Spark Technology 1. Spark main objectives 2. RDD concepts and operations 3. SPARK application

High Integrity Ada with SPARK Praxis Critical Systems 1 SPARK and the SPARK Examiner What is

Spark Processing 101 September 10, 2015 Justin Sun Overview What is Spark? SparkContext

SPARK G N I T E R R A M E V I T A E C u s t o m L o g o P r o j e c t Introduction

SPARK NEW ZEALAND ANNUAL MEETING 2015 Spark New Zealand 2015 Spark New Zealand 2015 2 Order of

Distributing Matrix Computations with Spark MLlib Reza Zadeh A General Platform Standard libraries

Flex 4 - Spark Containers Ryan Frishberg Software Consultant, Lab49 http://www.frishy.com Spark

Spark starts here. Spark New Zealand Annual Results 2014 Investor Presentation Spark is more

Big Data Meets Machine Learning Apache Spark MLlib 1 MLlib Spark MLlib Graphx

What Information SPARK Collects, and Why What Information SPARK Collects, and Why LeeAnne Green

Spark Overview / High-level Architecture Indexing from Spark Reading data from Solr + term

Large-Scale Data Engineering Spark and MLLIB event.cwi.nl/lsde OVERVIEW OF SPARK

CSE 547 : Spark Tutorial Topics Overview Useful Spark Actions and Operations Help

Apache Spark CS240A T Yang Some of them are based on P. Wendells Spark slides Parallel

Introduction to Apache Spark Slides from: Patrick Wendell - Databricks 1 What is Sp Spark?

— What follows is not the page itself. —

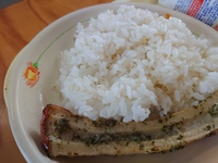 どーんと横たわったちくわのマヨ焼き、存在感抜群です。最初はチーズがついているのかな?とも思いました。青のりもかかっていて、とってもおいしい一品でした。

Apache Spark CS240A Winter 2016. T Yang Some of them are based on P. Wendells Spark slides

Unified Big Data nified Big Data Pr Processing ocessing with with Apache Spark pache Spark

COMP9313: Big Data Management Spark SQL Why Spark SQL? Table is one of the most commonly

PySpark()(Data(Processing(in(Python( on(top(of(Apache(Spark Peter%Hoffmann

SPARK Program Presented by: The Engagement &amp; Recognition Committee What is a SPARK Award?

ROOT4J / SPARK-ROOT: ROOT I/O for JVM and Applications for Apache Spark V. Khristenko 1 J.

Starting with Apache Spark, Best Practices and Learning from the Field Felix Cheung, Principal

Spark Code Camp Discover Spark Streaming & Spark SQL Project Overview Focus on Spark

SPARK Program Presented by: The Engagement & Recognition Committee What is a SPARK Award?